Filip Dylewicz: Coś się kończy, coś się zaczyna. Do Asseco nie poszedłem za kasą

Newspix / Piotr Matusewicz / PressFocus / Na zdjęciu: Filip Dylewicz
Newspix / Piotr Matusewicz / PressFocus / Na zdjęciu: Filip Dylewicz

- Uważam, że swoją postawą zasłużyłem na to, żeby zostać w Treflu na dłużej. Stało się inaczej. Do Asseco nie poszedłem za kasą. Miałem lepsze oferty. Jednak w Gdyni tworzy się coś wielkiego - mówi Filip Dylewicz, nowy koszykarz Asseco Gdynia.

[b]

Karol Wasiek, WP SportoweFakty: Wielu spodziewało się, że zakończy pan karierę w Treflu Sopot. Czy pan także zakładał taki scenariusz?[/b]

Filip Dylewicz, nowy zawodnik Asseco Gdynia: Biorąc pod uwagę, że mam 38 lat i moja kariera jest bliżej końca niż rozkwitu, to rzeczywiście wiązałem przyszłość z Treflem Sopot, nie tylko jako zawodnik, ale także jako osoba, która swoim doświadczeniem i wiedzą będzie przydatna dla klubu i drużyny. To przecież naturalny krok praktykowany w wielu klubach, także w Polsce. Życie napisało jednak swój scenariusz. Nasze drogi z Treflem rozeszły się w mało elegancki sposób. Było mi przykro.

Zabolało?

Bardziej niż to, że nie będę dłużej grał w Treflu, zabolały mnie nieprawdziwe informacje które padły w wywiadach z ust prezesa Marka Wierzbickiego. Chodzi o wygórowane kwoty finansowe, które niby sobie życzyłem. Wyobraź sobie, że ja nawet nie powiedziałem kwoty, którą chcę zarabiać. Nawet nie zdążyłem jej podać. Całe zło zrzucono na mnie i na moje rzekome żądania finansowe. Kibicom byłem winny sprostowania, stąd oświadczenie, które pojawiło się w czwartek na Facebooku.

A czy to na pewno chodzi o pieniądze? Obserwując sytuację z boku i po przeczytaniu oświadczenia mam takie wrażenie, że klub miał po prostu inną wizję i zabrakło osoby, która by to panu powiedziała wprost. Co pan na to?

Pieniądze są kurtyną, którą wykorzystał klub dla zaistniałej sytuacji. To, że nie będę w Treflu wiedziałem już po naszym pierwszym spotkaniu.

Dlaczego?

Chodzi o sposób prowadzenia negocjacji. To mi pokazało, że sytuacja nie idzie w dobrą stronę. Czas wyjaśnić pewne kwestie, bo widzę, że klub argumentuje wszystko finansami. Przejdźmy do konkretów, żeby uzmysłowić ludziom, jak to naprawdę wyglądało. Pierwsza oferta, którą otrzymałem od klubu, była mniejsza o 25 procent w porównaniu do ostatniego sezonu.

Czym było to argumentowane?

Mniejszym budżetem i ja to zrozumiałem. Już w trakcie rozgrywek dostawałem informacje ze strony klubu, że jeśli nie będzie play-off, to tych pieniędzy w kasie będzie mniej. Idąc na rozmowy wiedziałem, że budżet jest mniejszy i zapewne dostanę niższą ofertę, ale miałem też podstawy do tego by myśleć, że po dobrym sezonie mój kontrakt zostanie na podobnym poziomie.

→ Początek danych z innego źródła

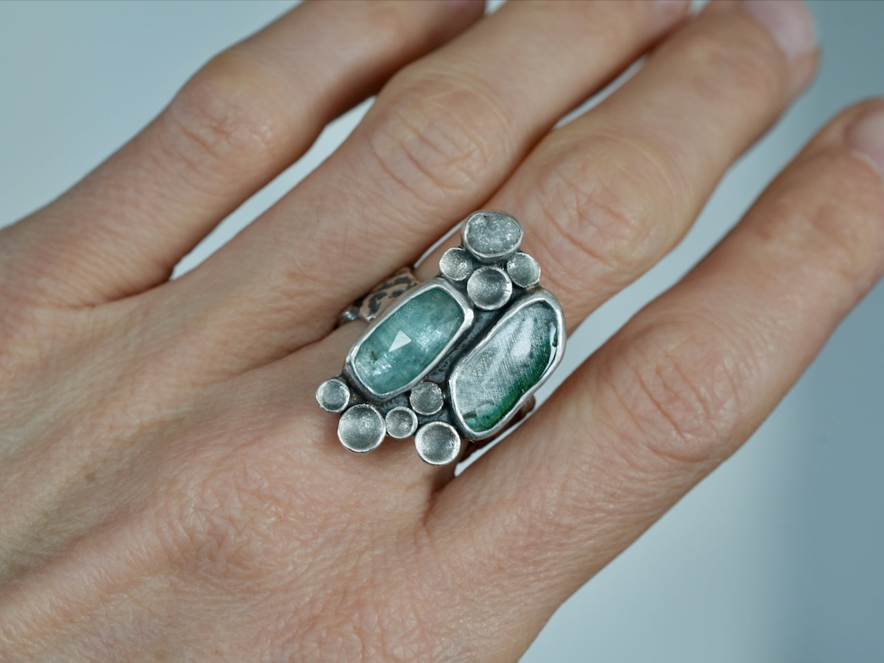 Kyanite and Tourmaline Cluster Ring – Handmade in Sterling Silver, size 7.75-8

Zwłaszcza, że nie był dużym obciążeniem dla klubu. Czas też rozwiać kolejny mit "o tłustych kontraktach Dylewicza" - w ostatnich dwóch sezonach nie byłem nawet najlepiej opłacanym polskim koszykarzem w Treflu. Propozycja, jaką otrzymałem pokazała mi, że Trefl mnie po prostu nie chce i brakuje osoby, która by to powiedziała mi prosto w twarz.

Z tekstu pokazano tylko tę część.